Once the stability issues were addressed we had to examine query performance. We were getting some very mixed results on some queries and it took us a little while to determine the exact cause. We were seeing generally good performance, better than IDOL, but on some queries the system would just stall out and take between 3 and 5 seconds to respond. 

This is where we had to sacrifice some functionality. We have a unique identifier that is shared between several documents; when searching, we generally only want to see the data related to the unique identifier, however data from individual items is searchable as well. In both systems, this kind of grouping it is a piece of cake since we can easily group by a field value, however the culprit was getting facet counts based on this grouping. For some of the broader terms, the result sets returned were pretty large, somewhere around a million and Solr had to calculate facet counts based on groups which caused this delay. We had to get customer’s approval to turn off this functionality and were able to improve Solr’s performance at a slight loss in functionality. 

We also measured system performance during Solr’s tests. I think it was worse than IDOL’s, the CPU utilization was never stable and resembled what I would imagine to be a crack head’s EKG chart.  JVM heap was configured at 32GB as well, totaling less than IDOL. I wish we could give it some more RAM, but due to garbage collection problems we were advised against it. 

In the end, we were able to shave off about ¼ of a second for almost all of our searches on average, which is a pretty tangible improvement in my opinion. However, we never went back to test IDOL’s performance without counting up facets based on groups, so I can’t say of certain which one is faster.
So here is my take on it. As far as performance goes, I think Solr is faster than IDOL 7, mainly because you can retrieve facets and results in the same query. However, as far as performance bang for the buck, I think IDOL does a much better job here. It’s hardware resource utilization is much more controlled and predictable. 

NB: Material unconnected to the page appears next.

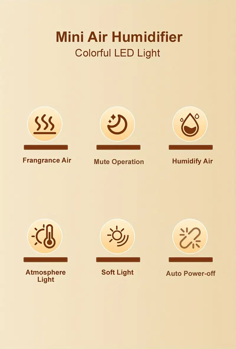 Humidifier with 150ml Capacity, 7-Color Adjustable Light, Wood Grain Finish, USB Powered for Desktop and Room Use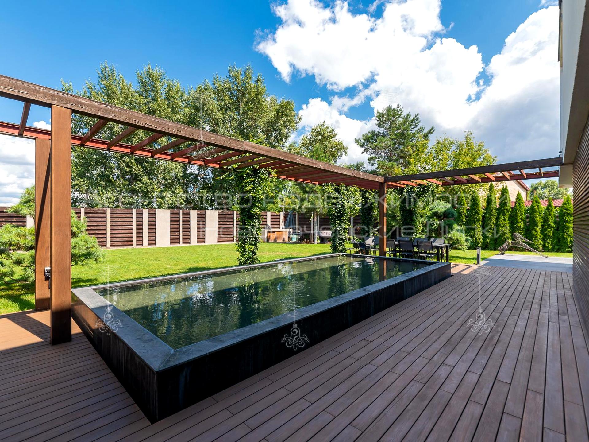 10 соток озелененої ділянки ландшафтним дизайном, затишною барбекю-зоною, відкритим басейном і терасою.

Additionally, I my personal belief is that SolrCloud automates too much which turns into a lack of flexibility and control. For example, in IDOL, we had direct control over which content servers will be processing requests. While in SolrCloud, requests for each shard are distributed among replicas in an unpredictable manner. Don’t get me wrong, I am all in favor of automation, but the control freak in me is screaming “NOOOOOOOO!!!!”. 

I know that there are a lot of elements missing here since query performance and system utilization is heavily dependent on data and types of queries and I didn’t share that information with you yet, but don’t worry, more info will be coming soon.